** Opening Records block **
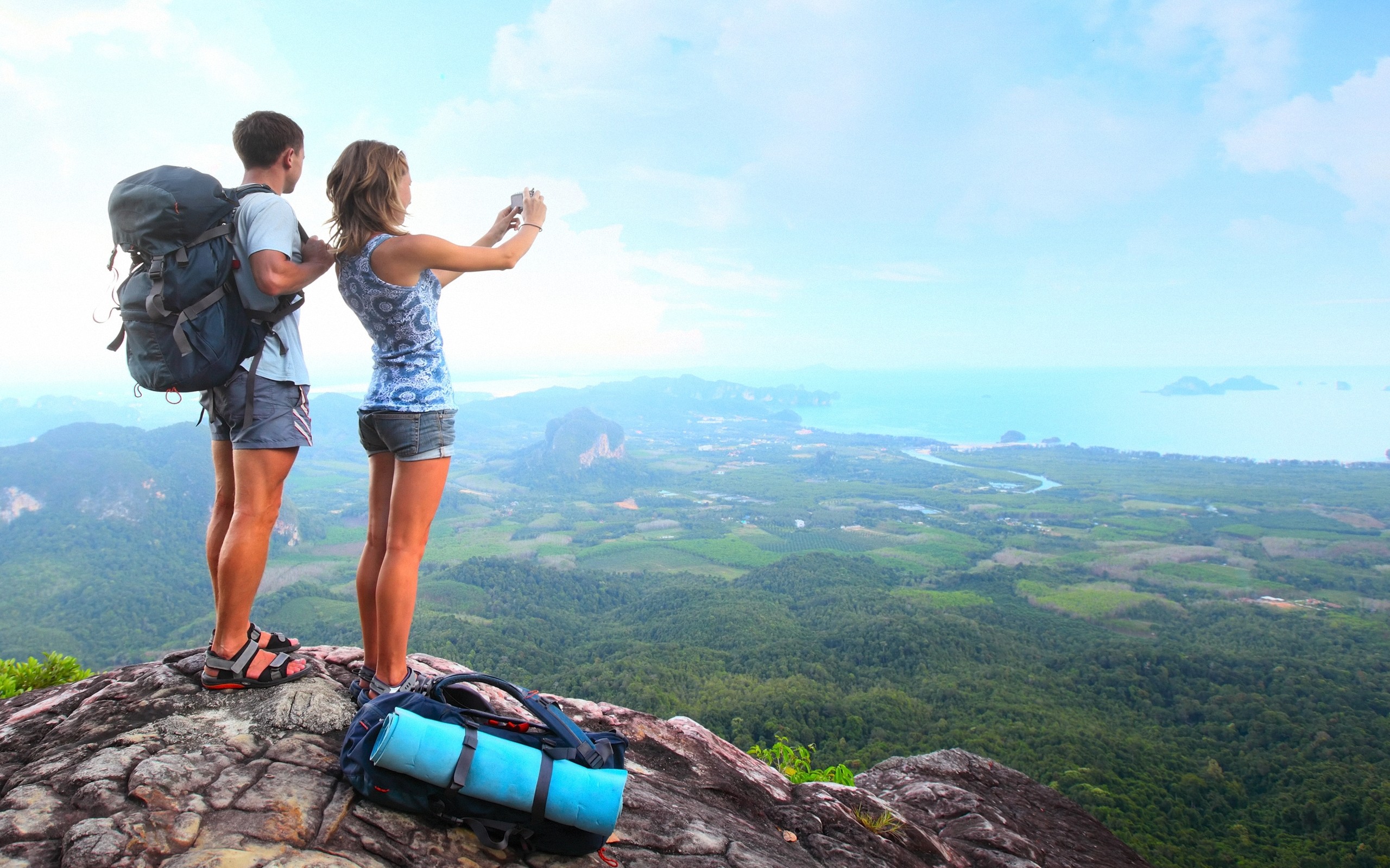 Скачать обои для рабочего стола Пара туристов на скалe и фото
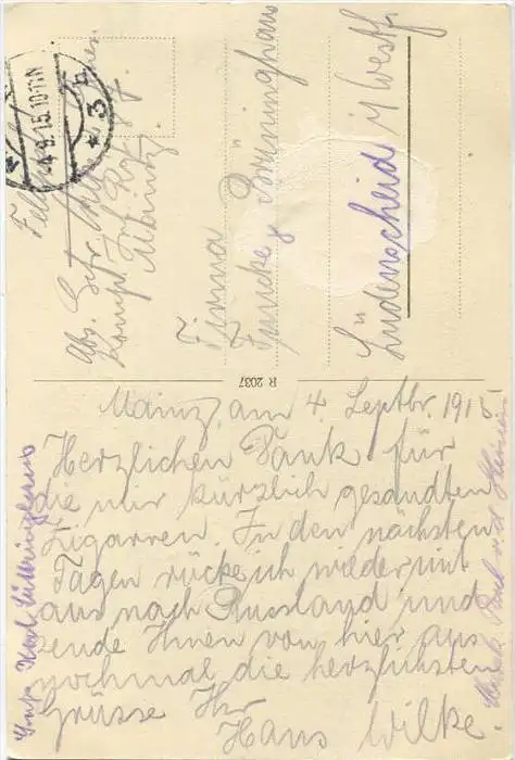 Mainz - Christus-Kirche - Feldpost - rückseitig Klebestelle (E19186) gel. 1915
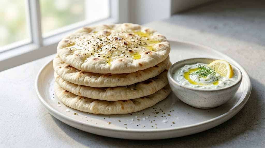 With the last pita removed from the griddle, our visual journey is complete. Here, we synthesize the textures of previous stages. The pitas, warm from the explosive cook, are stacked high on a modern off-white ceramic plate. We brush them with golden olive oil (from our initial index) and sprinkle with the coarse flaky sea salt and the vibrant dried Greek oregano.
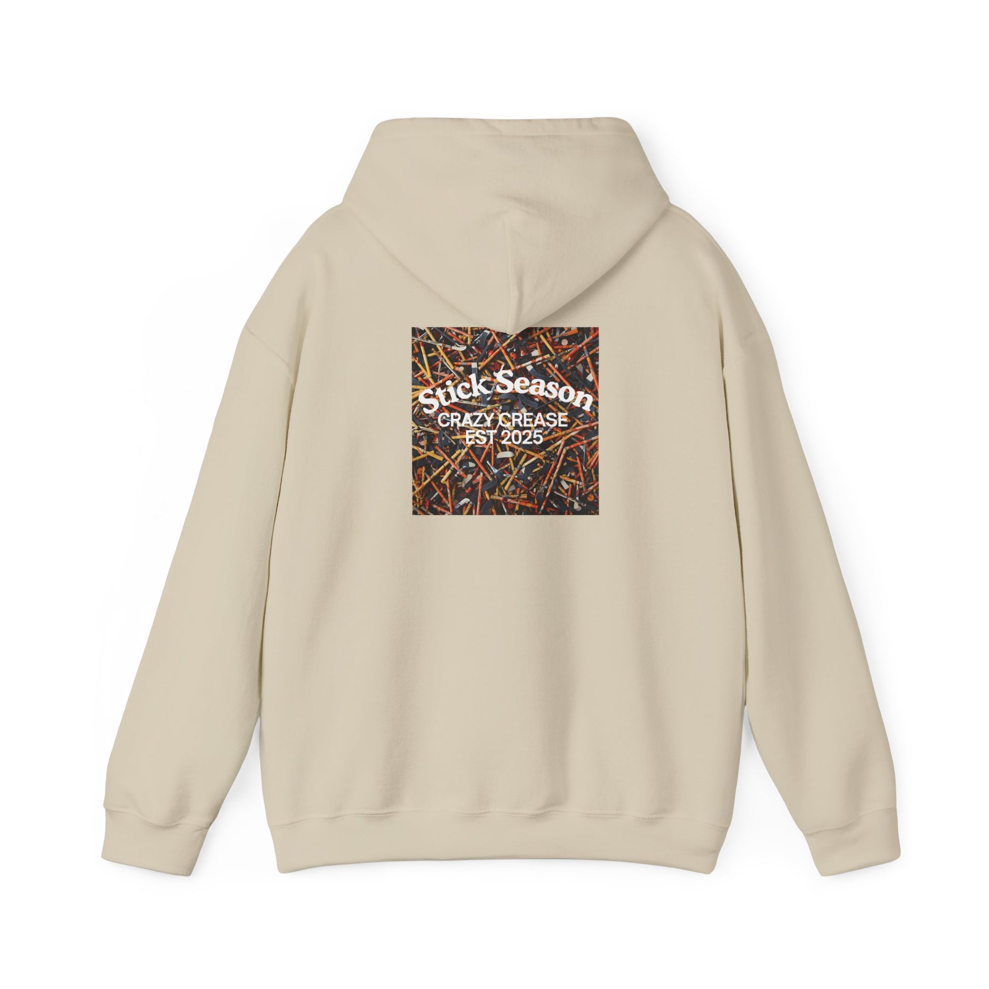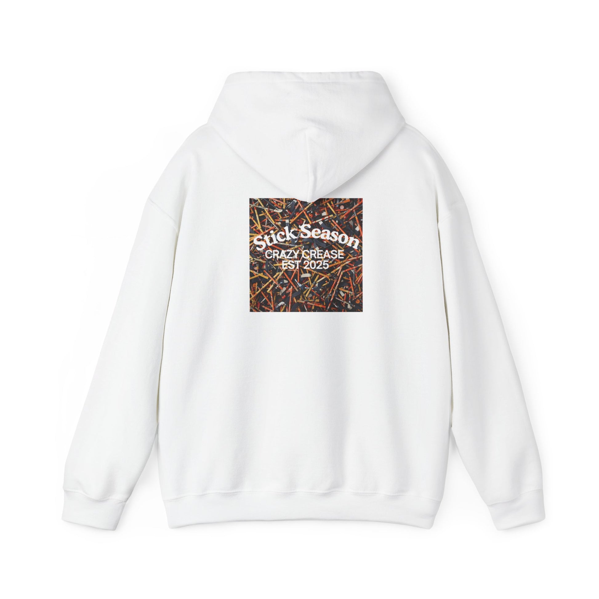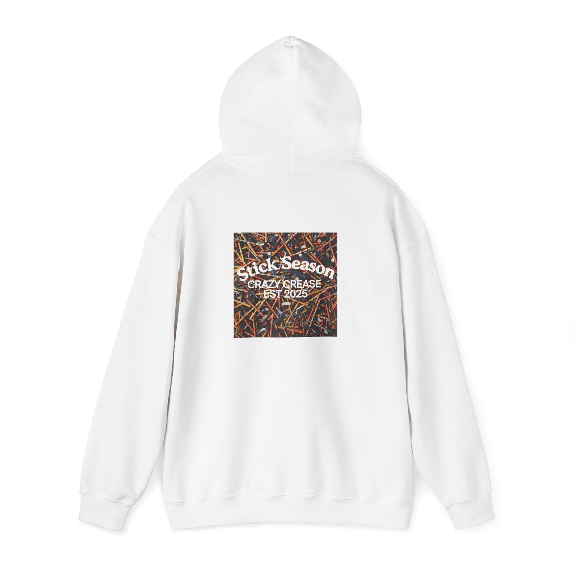 With an adjustable hood drawsting and cozy kangaroo pouch pocket, the Stick Season hoodie is a cozy as it is funcitonal keeping you looking your bet! Unisex sizing for all adult crease creatures. Medium-havy cotton/poly blend fabric for warmth, durability, and ideal fit wash after wash.
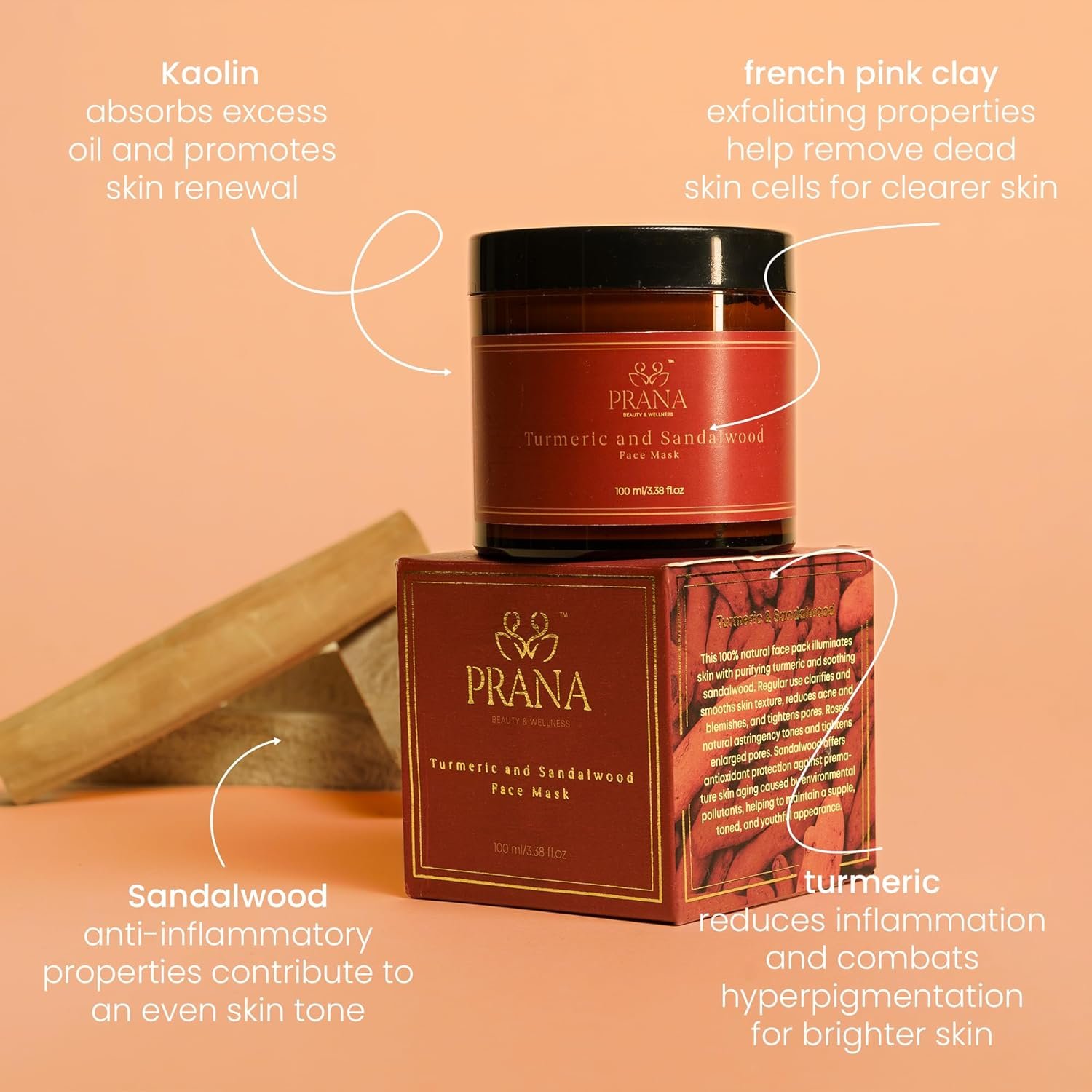 Prana’s Turmeric and Sandalwood Face Mask is a 100% natural blend harnessing the purifying properties of turmeric and the soothing essence of sandalwood, allowing you to pamper your skin with the goodness of nature for visible and lasting results
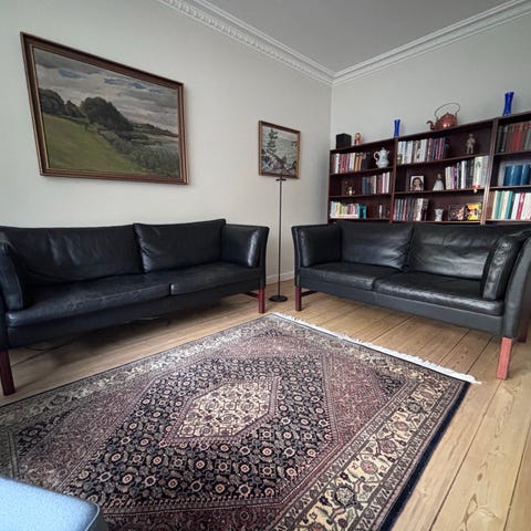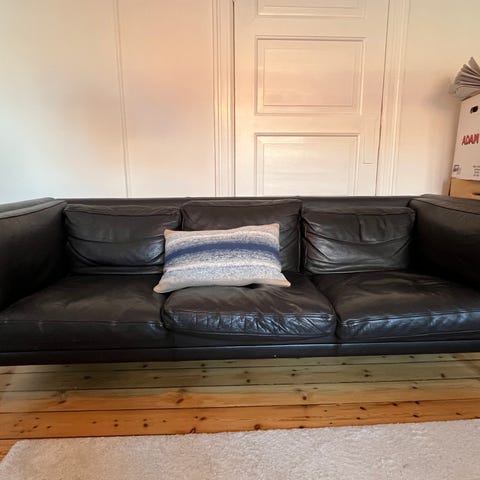 To sofaer - en tre personers og en to personers i blødt mørkebrun okselæder. Virkelig behagelig, retro og smuk - særligt armlænene er jeg personligt ret vild med. Sælger kun, da min mand ikke vil have lædersofa.
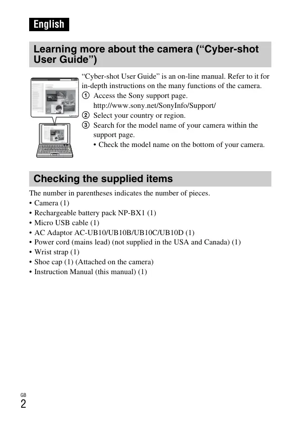English Learning more about the camera (“Cyber-shot User Guide”) “Cyber-shot User Guide” is an on-line manual. Refer to it for in-depth instructions on the many functions of the camera. 1 Access the Sony support page. http://www.sony.net/SonyInfo/Support/ 2 Select your country or region. 3 Search for the model name of your camera within the support page.
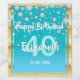 An elegant and glamourous 40th birthday wine or sparkling wine bottle label. Teal, blue green coloured faux glitter with faux diamond sprinkle and a golden frame. Templates for a name, age 40 and a date. Date of birth or the date of the party/anniversary. With the text: Happy Birthday! White and teal coloured letters. The name is written with a hand-lettered style script.
** Closing Records block **
Prompt:
From the first line of the entries above down to the line holding "With the last", quote each line exactly and nothing else, skipping pictures.

Answer section:
 Скачать обои для рабочего стола Пара туристов на скалe и фото
 Mainz - Christus-Kirche - Feldpost - rückseitig Klebestelle (E19186) gel. 1915
 With the last pita removed from the griddle, our visual journey is complete. Here, we synthesize the textures of previous stages. The pitas, warm from the explosive cook, are stacked high on a modern off-white ceramic plate. We brush them with golden olive oil (from our initial index) and sprinkle with the coarse flaky sea salt and the vibrant dried Greek oregano.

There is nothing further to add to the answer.